## STUDY MATERIAL:
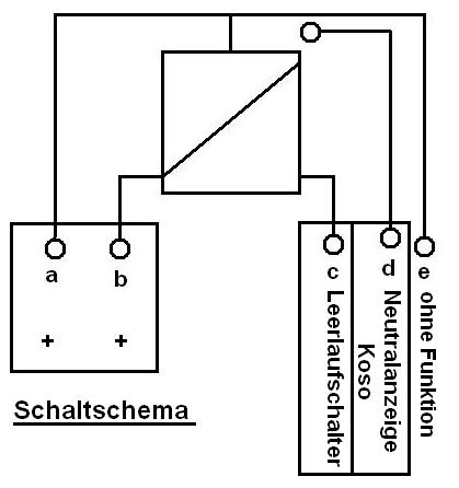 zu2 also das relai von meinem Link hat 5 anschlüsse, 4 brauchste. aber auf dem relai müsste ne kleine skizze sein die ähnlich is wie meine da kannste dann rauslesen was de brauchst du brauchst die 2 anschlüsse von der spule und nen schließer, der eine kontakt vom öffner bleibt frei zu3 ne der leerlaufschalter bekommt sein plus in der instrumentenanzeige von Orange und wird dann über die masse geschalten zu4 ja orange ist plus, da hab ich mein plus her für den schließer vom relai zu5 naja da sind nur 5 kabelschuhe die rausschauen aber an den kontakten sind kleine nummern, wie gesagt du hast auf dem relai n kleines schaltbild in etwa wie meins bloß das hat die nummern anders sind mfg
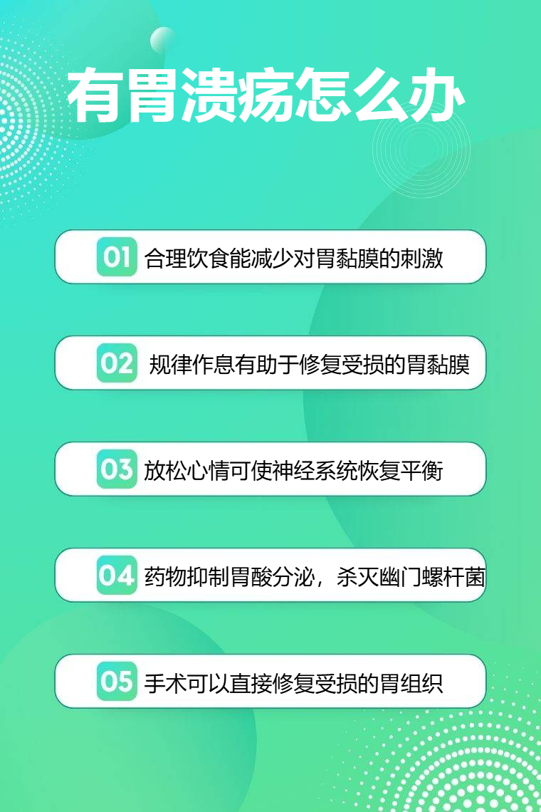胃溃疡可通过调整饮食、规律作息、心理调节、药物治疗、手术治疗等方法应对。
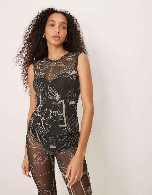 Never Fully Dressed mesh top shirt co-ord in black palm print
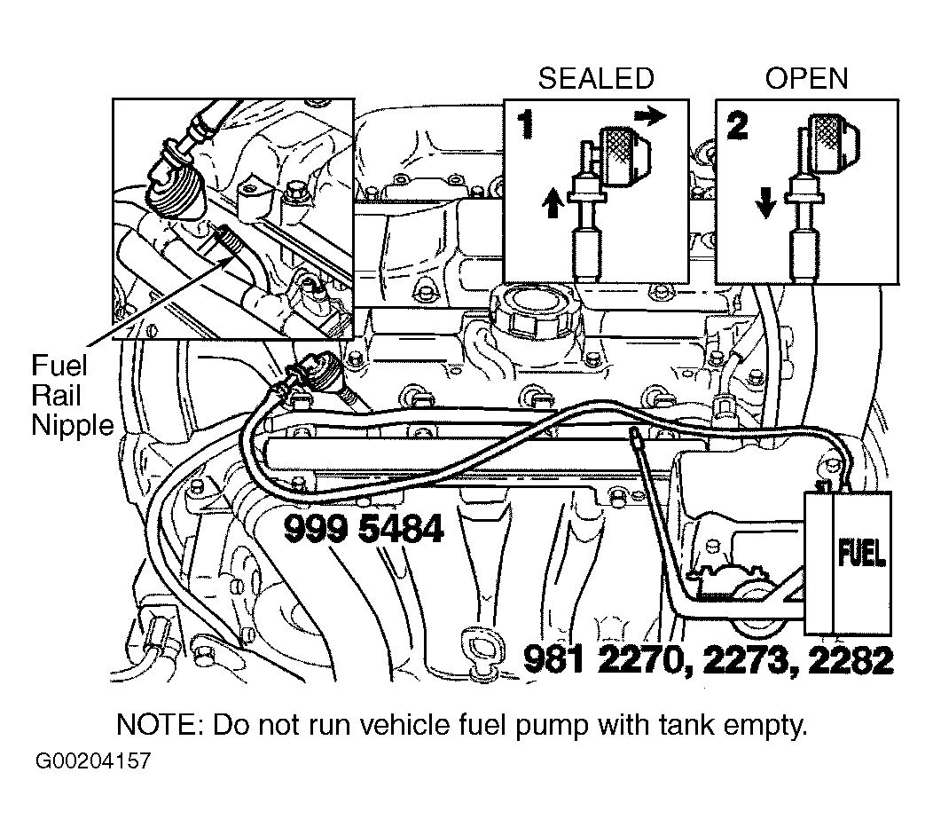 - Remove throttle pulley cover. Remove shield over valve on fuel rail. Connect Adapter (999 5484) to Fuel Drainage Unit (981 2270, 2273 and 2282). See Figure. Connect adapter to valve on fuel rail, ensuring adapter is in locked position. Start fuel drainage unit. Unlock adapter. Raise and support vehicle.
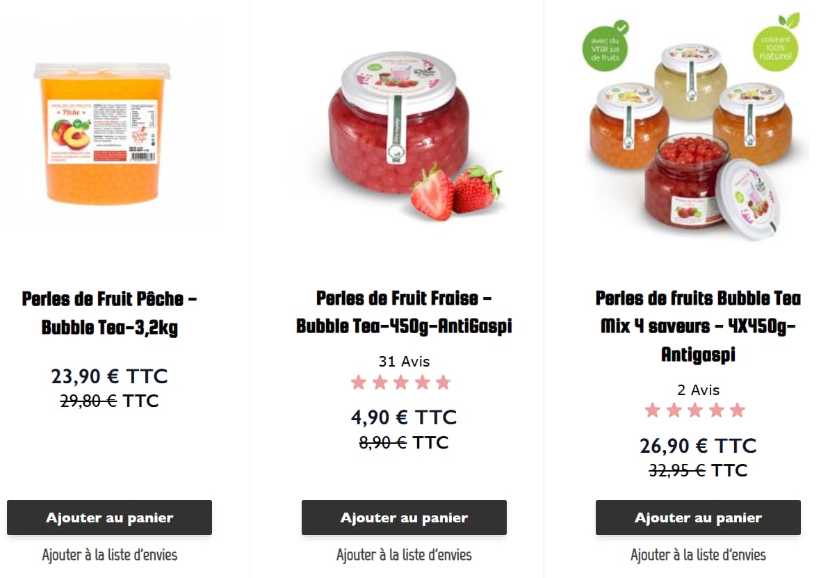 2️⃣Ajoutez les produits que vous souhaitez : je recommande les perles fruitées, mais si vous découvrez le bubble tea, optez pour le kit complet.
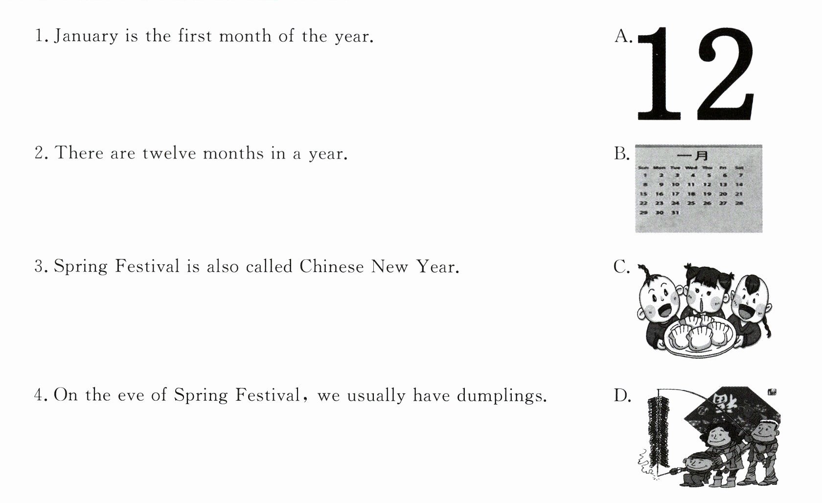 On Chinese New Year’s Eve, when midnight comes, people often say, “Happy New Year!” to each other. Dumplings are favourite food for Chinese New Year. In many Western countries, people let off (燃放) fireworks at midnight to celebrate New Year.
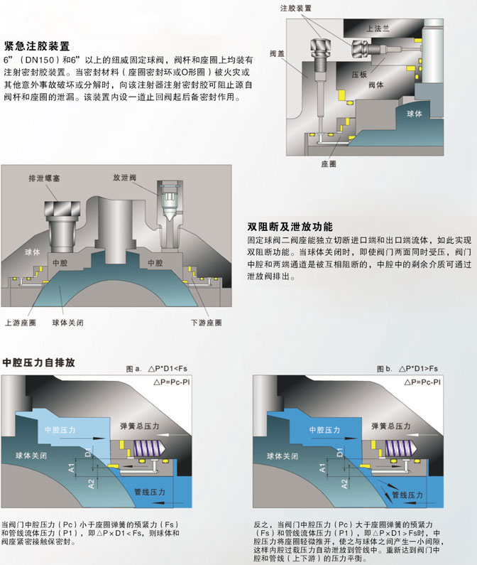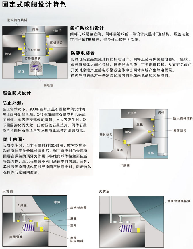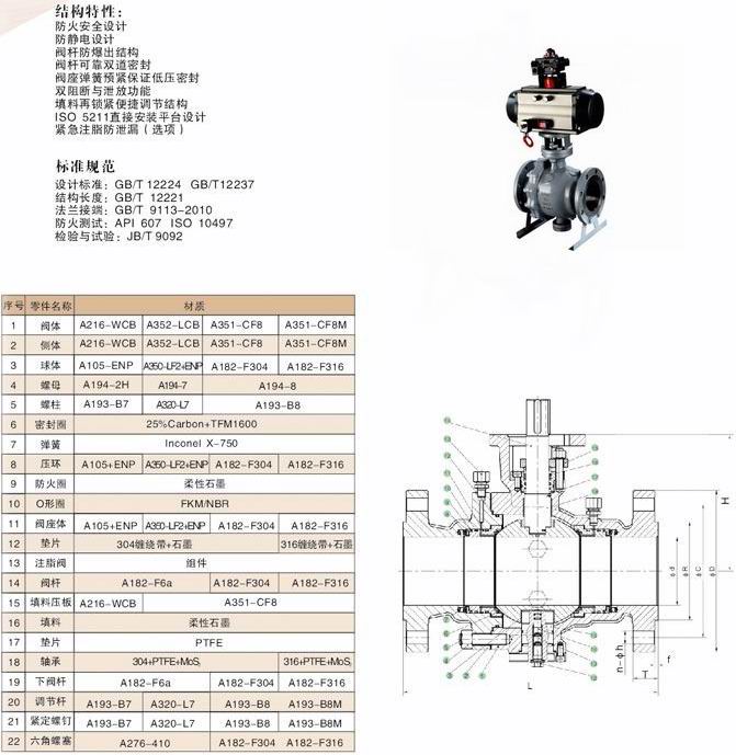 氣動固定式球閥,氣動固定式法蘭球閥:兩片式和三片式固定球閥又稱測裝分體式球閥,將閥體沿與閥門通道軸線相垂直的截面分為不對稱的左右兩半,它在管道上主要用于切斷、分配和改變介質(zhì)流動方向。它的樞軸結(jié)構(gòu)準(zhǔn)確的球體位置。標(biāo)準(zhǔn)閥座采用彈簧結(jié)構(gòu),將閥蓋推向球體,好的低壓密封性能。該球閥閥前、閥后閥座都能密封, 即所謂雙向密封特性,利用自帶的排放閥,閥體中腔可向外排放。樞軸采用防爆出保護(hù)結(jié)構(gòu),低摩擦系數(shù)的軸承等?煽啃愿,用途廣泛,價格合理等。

## ASSIGNED TASK:
The answer is the lines above from the one with "Never Fully Dressed" to the one with "- Remove throttle", set down exactly, with no pictures.

## ANSWER SECTION:
 Never Fully Dressed mesh top shirt co-ord in black palm print
 - Remove throttle pulley cover. Remove shield over valve on fuel rail. Connect Adapter (999 5484) to Fuel Drainage Unit (981 2270, 2273 and 2282). See Figure. Connect adapter to valve on fuel rail, ensuring adapter is in locked position. Start fuel drainage unit. Unlock adapter. Raise and support vehicle.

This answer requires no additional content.